This morning I cleaned from 6 a.m. until about 9. That is necessary. Cleanliness almost assures that every quart jar of my pasta sauce will seal after canning. It also avoids food poisoning and other headaches.
I began the process of making my pasta sauce, as I do almost every labor Day weekend, by washing tomatoes, slicing them into small pieces, puree-ing them in my blender, grinding the puree through a food mill and dumping the uncooked sauce into the stockpots.

I have two stockpots. There is only room for two on my range top.

This year I am making a thick Bolognese style sauce, called Salsa Pomodoro alla maniera di Bologna, composed of cooked-down tomato sauce (you must use plum tomatoes), finely chopped onions, chopped sweet red peppers - fresh and also roasted red peppers, fondly called "arrosto" peppers.
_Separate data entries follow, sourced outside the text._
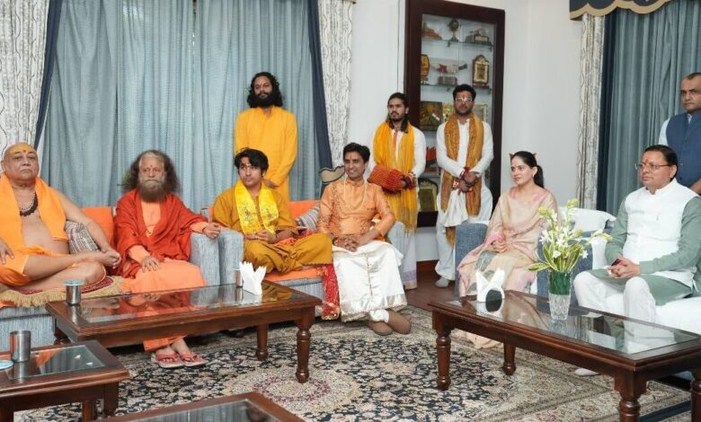 मुख्यमंत्री आवास में आध्यात्मिक संगम, संत समाज ने सीएम धामी को दिया आशीर्वाद
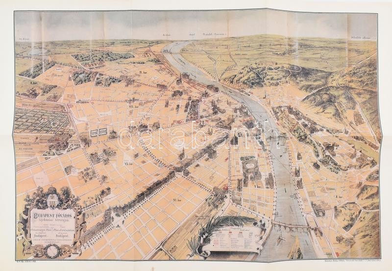 1988 Reprint Budapest térképek, 2 db: Buda-Pest térképe, Aigner Lajos 1870-es kiadású térképéről készült reprint térkép, hajtott, 40×59 cm; Budapest főváros tájékozódási tervrajza, Eggenberger-féle (cca 1910) kiadású
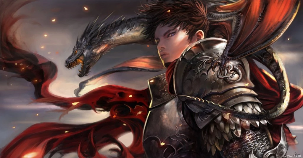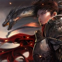 a fantasy scene featuring an armored knight facing off against a dragon. The knight is standing on the ground, wearing detailed armor and holding a weapon that appears to be a sword or spear with a shield. The dragon is positioned above the knight, displaying wings and
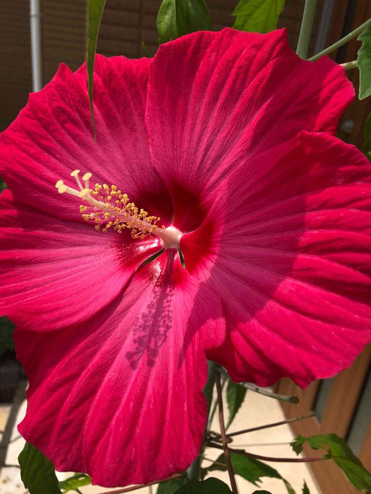 花の名前はタイタンビカス。見た目はハイビスカスに似ているけど違う品種で、今年思わず買ってしまいました😀。大人の手のひらより一回り大きい花を咲かせてくれます。存在感ありますね🌺

Other ingredients are basil, oregano, savory, olive oil, Chianti wine, Worcester sauce, garlic (lots) and Balsamic vinegar.
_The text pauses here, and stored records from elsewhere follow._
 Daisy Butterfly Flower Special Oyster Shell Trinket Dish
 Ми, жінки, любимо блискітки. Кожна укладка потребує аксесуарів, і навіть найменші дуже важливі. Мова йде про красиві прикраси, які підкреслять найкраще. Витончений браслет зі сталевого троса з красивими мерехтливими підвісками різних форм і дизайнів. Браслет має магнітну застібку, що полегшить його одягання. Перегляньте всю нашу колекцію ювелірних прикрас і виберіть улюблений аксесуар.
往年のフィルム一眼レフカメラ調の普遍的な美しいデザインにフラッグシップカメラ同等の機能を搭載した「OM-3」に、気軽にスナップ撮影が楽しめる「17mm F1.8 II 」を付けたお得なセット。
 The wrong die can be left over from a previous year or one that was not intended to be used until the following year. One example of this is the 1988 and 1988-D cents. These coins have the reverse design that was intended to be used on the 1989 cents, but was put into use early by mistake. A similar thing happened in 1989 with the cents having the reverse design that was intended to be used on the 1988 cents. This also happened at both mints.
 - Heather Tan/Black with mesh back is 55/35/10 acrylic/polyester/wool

It is my own recipe, concocted over the years by taste and trial.
The two pots are now full and cooking down. That will take about four more hours. In the meantime, I drink a glass of Bardolino and blog.
I should end up with about 14 or 15 quarts in this batch. That will suffice to get me through a year of lasagna, linguine, tagliatelle, casseroles and whatnot. I put the jars into a cabinet way up high, so my visitors cannot reach them and steal them. It has happened. My sauce is good.
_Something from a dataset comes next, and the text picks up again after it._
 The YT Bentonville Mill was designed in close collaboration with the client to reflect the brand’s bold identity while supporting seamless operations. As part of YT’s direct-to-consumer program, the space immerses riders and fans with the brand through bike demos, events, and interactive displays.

Why do I make it rather than buy it at the market? After all, it is cheaper labor-wise to buy the damned sauce. The reason I make my own is that you cannot find a store-bought pasta sauce as good as what you can make in your own kitchen.
Granted, it is back-aching work and messy (I wear a red tee shirt and an apron) but it satisfies when you pour that sauce into browned ground meat, heat it up and pour it over a plate of angel hair pasta or ziti. It is the artist at work but without paintbrushes. It is the primal thing, the hunter-gatherer roasting the game over fire, the creative spirit at work - and prompted to work by his hungry gut.
Creativity comes in all aspects of life.
I almost forgot the 'cunning' part. I started working faster because my back got sore. So I damn near cut off a finger tip with the boning knife. No harm. Just a nick. And I didn't mix the red colors, believe me.